Return only the lines running from the first line of the listing through the one with "Manastirea putna cum s? ajungi acolo", unchanged.

# # # # #

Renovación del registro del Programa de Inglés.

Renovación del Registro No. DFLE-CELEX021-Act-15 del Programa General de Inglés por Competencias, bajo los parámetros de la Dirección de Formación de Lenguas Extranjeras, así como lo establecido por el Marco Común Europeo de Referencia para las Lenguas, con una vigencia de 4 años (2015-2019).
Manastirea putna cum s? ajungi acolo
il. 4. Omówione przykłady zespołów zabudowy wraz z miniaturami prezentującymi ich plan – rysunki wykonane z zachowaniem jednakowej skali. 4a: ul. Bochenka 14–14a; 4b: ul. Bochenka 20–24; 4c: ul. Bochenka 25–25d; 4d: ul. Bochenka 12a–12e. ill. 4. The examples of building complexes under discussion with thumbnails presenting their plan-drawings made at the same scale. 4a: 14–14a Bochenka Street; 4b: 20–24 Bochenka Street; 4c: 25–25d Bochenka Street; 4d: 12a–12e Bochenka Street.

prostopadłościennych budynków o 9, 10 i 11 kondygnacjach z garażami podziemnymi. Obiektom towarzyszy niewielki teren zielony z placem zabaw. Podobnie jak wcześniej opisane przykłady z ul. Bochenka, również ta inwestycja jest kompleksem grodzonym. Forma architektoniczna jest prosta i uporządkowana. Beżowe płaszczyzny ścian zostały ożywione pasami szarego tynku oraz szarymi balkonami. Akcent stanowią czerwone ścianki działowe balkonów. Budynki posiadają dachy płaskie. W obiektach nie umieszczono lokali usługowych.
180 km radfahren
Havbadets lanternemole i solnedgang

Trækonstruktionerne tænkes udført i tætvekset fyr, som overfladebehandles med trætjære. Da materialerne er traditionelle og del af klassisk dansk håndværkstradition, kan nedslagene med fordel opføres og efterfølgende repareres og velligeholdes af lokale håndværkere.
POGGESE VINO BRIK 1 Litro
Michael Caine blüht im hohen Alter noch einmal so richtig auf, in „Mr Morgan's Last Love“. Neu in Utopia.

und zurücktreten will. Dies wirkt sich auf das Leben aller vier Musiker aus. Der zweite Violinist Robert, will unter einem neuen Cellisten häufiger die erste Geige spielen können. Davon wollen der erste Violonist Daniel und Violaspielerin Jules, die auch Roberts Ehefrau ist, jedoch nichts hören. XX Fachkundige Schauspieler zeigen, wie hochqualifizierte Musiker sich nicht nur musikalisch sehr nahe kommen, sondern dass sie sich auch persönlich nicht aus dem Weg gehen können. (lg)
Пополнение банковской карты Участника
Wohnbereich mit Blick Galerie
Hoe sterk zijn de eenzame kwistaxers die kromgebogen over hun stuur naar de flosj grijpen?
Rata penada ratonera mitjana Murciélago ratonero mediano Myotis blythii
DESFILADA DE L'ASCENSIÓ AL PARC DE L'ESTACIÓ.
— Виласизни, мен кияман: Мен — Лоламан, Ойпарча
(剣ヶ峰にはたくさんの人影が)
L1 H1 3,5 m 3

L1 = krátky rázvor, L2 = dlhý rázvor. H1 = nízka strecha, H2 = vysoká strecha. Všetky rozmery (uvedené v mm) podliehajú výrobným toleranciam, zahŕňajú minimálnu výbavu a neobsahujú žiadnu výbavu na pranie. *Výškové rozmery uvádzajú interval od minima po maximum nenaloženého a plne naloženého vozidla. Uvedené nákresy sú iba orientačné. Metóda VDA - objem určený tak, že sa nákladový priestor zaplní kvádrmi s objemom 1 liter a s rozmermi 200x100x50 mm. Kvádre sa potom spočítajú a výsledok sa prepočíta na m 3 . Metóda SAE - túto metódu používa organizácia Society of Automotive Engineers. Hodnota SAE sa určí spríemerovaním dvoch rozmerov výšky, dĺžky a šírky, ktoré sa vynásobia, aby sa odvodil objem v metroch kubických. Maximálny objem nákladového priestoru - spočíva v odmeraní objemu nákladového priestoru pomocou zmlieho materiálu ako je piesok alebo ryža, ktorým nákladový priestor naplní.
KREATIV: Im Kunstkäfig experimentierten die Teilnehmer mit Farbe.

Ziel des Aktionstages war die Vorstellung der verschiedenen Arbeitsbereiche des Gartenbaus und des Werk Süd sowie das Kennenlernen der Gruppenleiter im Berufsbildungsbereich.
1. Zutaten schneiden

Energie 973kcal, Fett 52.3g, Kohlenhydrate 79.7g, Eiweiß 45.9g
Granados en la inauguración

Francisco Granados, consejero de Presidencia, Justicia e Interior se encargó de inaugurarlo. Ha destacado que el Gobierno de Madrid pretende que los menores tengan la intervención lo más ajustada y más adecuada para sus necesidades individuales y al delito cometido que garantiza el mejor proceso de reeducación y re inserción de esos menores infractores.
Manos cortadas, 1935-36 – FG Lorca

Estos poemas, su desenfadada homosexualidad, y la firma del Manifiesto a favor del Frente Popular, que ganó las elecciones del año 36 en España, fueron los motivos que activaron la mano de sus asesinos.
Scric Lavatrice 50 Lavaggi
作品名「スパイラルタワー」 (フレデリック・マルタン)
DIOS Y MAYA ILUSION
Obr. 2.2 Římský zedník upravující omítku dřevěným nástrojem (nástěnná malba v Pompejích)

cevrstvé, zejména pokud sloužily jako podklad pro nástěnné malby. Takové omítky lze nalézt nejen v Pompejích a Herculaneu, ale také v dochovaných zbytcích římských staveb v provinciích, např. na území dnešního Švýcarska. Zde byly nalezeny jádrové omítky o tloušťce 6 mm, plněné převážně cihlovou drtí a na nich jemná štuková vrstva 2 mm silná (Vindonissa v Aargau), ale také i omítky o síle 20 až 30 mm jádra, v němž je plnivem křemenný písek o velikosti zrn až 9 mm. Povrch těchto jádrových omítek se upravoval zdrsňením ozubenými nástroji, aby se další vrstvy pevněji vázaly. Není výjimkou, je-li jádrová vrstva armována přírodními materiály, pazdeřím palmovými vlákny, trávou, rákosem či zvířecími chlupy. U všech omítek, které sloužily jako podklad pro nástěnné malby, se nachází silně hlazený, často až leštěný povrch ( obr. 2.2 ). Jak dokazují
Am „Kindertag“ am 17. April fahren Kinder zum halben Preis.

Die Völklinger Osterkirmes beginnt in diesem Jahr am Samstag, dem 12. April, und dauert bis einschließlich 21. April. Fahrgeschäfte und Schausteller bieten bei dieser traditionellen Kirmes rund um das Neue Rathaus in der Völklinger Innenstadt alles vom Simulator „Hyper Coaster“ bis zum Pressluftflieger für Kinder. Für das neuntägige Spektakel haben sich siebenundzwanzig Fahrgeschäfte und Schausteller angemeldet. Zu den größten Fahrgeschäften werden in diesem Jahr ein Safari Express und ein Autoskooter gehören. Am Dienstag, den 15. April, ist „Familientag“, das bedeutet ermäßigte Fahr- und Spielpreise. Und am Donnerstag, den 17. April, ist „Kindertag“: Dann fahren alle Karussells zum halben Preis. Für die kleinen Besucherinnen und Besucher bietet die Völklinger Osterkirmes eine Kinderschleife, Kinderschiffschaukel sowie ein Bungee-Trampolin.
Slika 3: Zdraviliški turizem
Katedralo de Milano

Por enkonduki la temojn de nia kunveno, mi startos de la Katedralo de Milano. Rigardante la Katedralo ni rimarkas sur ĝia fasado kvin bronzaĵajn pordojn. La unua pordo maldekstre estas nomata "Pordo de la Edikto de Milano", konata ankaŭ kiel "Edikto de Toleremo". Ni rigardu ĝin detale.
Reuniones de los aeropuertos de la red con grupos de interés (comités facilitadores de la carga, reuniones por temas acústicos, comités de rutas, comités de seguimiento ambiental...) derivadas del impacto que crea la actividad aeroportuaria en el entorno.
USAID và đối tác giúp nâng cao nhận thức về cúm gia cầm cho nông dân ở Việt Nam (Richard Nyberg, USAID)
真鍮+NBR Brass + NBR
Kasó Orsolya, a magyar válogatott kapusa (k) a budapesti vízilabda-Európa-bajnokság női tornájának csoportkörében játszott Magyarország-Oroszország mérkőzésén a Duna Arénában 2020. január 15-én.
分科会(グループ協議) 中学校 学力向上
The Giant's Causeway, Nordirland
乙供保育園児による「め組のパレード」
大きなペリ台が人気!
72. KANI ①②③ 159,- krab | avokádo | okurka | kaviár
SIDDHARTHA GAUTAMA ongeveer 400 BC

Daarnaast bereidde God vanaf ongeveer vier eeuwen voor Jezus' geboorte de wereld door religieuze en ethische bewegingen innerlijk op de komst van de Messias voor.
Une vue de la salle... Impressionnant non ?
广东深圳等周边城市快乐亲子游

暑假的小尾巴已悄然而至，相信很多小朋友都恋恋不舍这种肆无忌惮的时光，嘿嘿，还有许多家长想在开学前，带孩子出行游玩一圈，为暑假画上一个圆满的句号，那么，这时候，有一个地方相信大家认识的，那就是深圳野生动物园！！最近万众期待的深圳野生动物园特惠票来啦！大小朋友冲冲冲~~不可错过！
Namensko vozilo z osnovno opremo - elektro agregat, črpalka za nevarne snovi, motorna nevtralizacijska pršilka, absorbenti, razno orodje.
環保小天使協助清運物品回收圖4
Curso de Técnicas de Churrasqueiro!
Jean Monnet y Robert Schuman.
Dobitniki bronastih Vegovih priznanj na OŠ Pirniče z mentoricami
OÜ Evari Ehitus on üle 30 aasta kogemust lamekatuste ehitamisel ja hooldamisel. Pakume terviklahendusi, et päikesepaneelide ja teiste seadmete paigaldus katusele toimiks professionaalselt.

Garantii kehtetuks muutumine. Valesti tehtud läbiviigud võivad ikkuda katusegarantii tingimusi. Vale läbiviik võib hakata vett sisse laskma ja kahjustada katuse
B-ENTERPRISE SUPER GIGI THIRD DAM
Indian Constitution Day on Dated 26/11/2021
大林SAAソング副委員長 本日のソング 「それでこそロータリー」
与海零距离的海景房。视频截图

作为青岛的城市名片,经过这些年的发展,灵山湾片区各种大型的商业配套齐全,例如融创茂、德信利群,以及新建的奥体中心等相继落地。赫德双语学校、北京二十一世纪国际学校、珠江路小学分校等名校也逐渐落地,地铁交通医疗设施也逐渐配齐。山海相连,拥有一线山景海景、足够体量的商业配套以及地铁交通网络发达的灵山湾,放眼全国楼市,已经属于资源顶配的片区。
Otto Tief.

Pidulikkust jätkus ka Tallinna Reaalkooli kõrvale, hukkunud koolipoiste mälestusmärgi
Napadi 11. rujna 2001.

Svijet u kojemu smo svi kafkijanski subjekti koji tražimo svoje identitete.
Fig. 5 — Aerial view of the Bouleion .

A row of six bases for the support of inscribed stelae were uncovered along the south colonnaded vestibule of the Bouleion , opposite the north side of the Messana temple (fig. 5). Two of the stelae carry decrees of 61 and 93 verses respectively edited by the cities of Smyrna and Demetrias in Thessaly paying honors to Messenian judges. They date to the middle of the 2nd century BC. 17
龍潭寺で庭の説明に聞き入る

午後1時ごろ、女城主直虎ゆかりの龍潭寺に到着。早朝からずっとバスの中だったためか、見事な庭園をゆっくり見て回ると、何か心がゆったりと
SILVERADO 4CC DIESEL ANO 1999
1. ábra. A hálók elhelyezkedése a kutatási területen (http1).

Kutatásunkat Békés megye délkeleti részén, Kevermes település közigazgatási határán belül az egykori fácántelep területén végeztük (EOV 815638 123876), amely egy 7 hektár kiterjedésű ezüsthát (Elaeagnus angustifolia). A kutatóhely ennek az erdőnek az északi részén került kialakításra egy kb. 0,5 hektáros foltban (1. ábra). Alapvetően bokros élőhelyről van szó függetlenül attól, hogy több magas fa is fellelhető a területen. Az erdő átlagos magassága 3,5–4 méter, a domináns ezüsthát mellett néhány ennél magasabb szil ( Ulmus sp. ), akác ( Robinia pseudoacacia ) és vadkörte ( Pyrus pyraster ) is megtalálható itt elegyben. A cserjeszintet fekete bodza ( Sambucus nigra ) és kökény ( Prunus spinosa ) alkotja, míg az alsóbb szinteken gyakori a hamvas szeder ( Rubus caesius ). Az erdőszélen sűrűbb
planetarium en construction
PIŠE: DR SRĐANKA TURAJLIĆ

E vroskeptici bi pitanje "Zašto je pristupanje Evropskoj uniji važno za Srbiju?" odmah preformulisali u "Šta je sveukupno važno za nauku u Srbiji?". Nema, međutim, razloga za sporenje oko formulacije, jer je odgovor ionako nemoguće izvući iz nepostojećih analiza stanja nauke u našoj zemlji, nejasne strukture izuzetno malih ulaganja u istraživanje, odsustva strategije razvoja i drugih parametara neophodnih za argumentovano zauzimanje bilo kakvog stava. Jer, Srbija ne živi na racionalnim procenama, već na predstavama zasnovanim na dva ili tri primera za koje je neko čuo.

# # # # #

| Result of the task |
Renovación del registro del Programa de Inglés.

Renovación del Registro No. DFLE-CELEX021-Act-15 del Programa General de Inglés por Competencias, bajo los parámetros de la Dirección de Formación de Lenguas Extranjeras, así como lo establecido por el Marco Común Europeo de Referencia para las Lenguas, con una vigencia de 4 años (2015-2019).
Manastirea putna cum s? ajungi acolo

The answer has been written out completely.